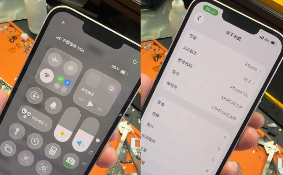 昨天晚上,在爱锋贝院长+华强北坚哥(郑炼坚)的努力下,全球首台的iPhone17e卡贴机成功破解,C1X基带可实现完美5GA高清通话+上网!
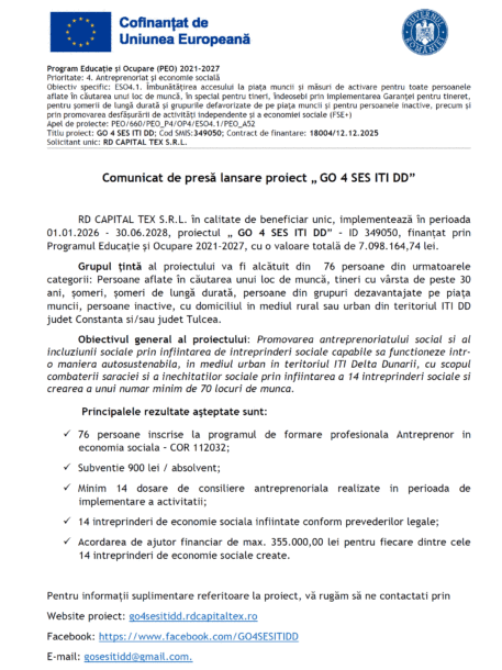 Comunicat de presă lansare proiect „ GO 4 SES ITI DD” RD CAPITAL TEX S.R.L. Posted by Ziarul Delta | Mar 4, 2026 | Anunturi - Comunicate |
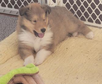 Our puppies include sable merle and white, blue merle and white, sable and white, and black white and tan. Colors will vary depending on the parent dogs.
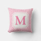 Ce design coussin a un arrière - plan poster de animal rose chaud partout. Au centre se trouve un cadre carré entaillé blanc avec un premier monogramme rose chaud.
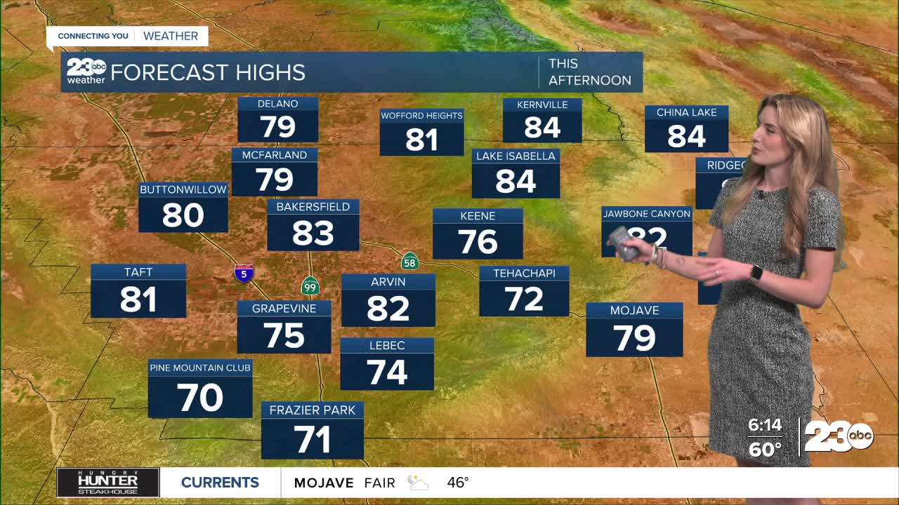 Monday's afternoon high temperatures will be in the low-to-mid-80s for the valley, KRV and desert, and low-70s in the mountains. Calm winds are expected into the day, with breezy spots possible in the mountains.

= INSTRUCTIONS FOR THE TASK =
When you transcribe the entries above, begin at their first line, end with the line containing "Our puppies include", and copy each line exactly without any picture.

= ANSWER TO THIS EXERCISE =
 昨天晚上,在爱锋贝院长+华强北坚哥(郑炼坚)的努力下,全球首台的iPhone17e卡贴机成功破解,C1X基带可实现完美5GA高清通话+上网!
 Comunicat de presă lansare proiect „ GO 4 SES ITI DD” RD CAPITAL TEX S.R.L. Posted by Ziarul Delta | Mar 4, 2026 | Anunturi - Comunicate |
 Our puppies include sable merle and white, blue merle and white, sable and white, and black white and tan. Colors will vary depending on the parent dogs.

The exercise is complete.